The initial human-tested vaccine will assess the experimental vaccine's safety and ability to encourage an immune system response among healthy adults.
The National Institutes of Health is set to launch a human safety study for an Ebola virus vaccine candidate. The early-stage trial is the first in a series of Accelerated Safety Studies for vaccines for the virus.
The initial stages of human testing of an investigational vaccine designed to prevent the disease will start next week by the National Institute of Allergy and Infectious Diseases, part of the National Institutes of Health.

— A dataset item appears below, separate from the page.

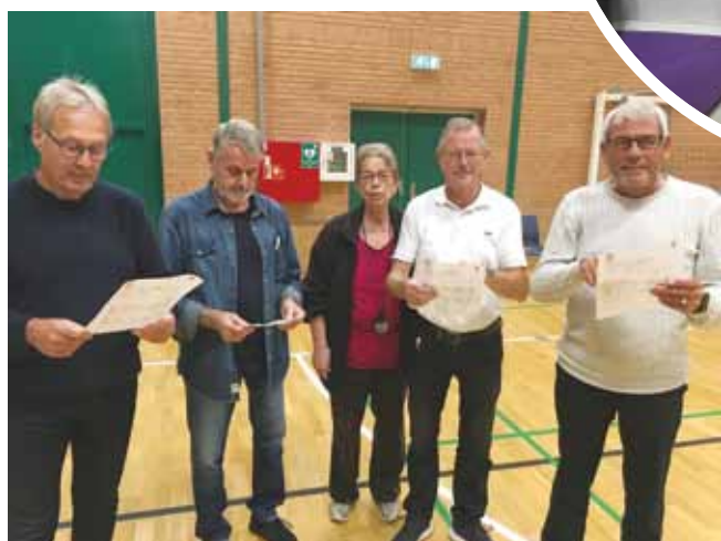
Resultat af KONDI-test nærlæses.
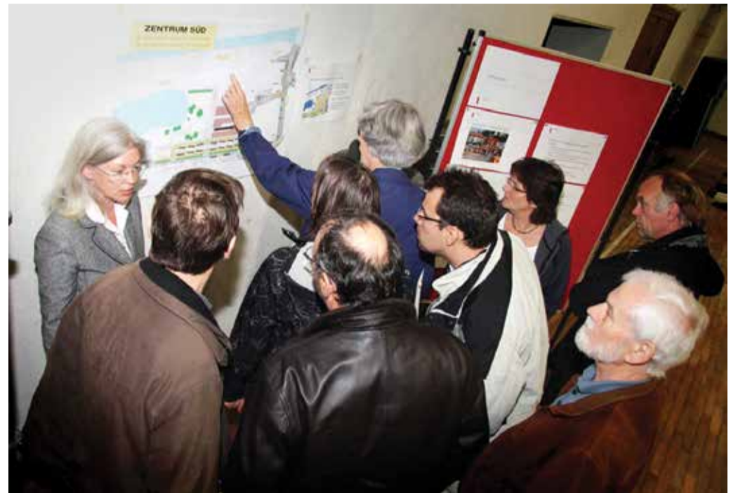
Ein zentrales Viertel in der Ortschaft muss umgestaltet werden... kein Problem. Im Laufe eines Jahres wurden die BürgerInnen und die ökonomischen Akteure einbezogen... und nach einem Jahr lag ein Konsens resp. ein Plan vor, der von der Mehrheit getragen wurde und in dessen Erstellungsprozessdem jeder auch die Sichtweise des anderen kennen lernte. Wie weit entfernt ist dies von der Planung bei so manchem Projekt in Luxemburg, wo Gemeinde oder Staat monate- oder jahrelang alleine hinter verschlossenen Türen planen, und sich dann wundern, wenn die BürgerInnen das Projekt nicht mit tragen. Viel schneller, effizienter und demokratischer geht es gemeinsam mit den BürgerInnen. Wann setzt sich diese Erkenntnis auch bei uns durch?

The initial human-tested vaccine, developed in conjunction by NIAID and GlaxoSmithKline, will test the experimental vaccine’s safety and ability to encourage an immune system response among healthy adults. The testing will be held at the NIH Clinical Center in Bethesda, Maryland.
This study is the first of many Phase 1 clinical trials that will monitor the investigational NIAID/GSK Ebola vaccine as well as an experimental Ebola vaccine developed by the Public Health Agency of Canada. The trials will be conducted in healthy adults who are not infected with the Ebola virus to determine the vaccine’s safety and whether it produced an immune response.
NIAID Director Anthony S. Fauci, MD, said in a statement, “There is an urgent need for a protective Ebola vaccine, and it is important to establish that a vaccine is safe and spurs the immune system to react in a way necessary to protect against infection.” He continued, “The NIH is playing a key role in accelerating the development and testing of investigational Ebola vaccines.”
According to the World Health Organization, Ebola virus disease is a severe and frequently fatal illness in humans, with many outbreaks that have a fatality rate of up to 90 percent.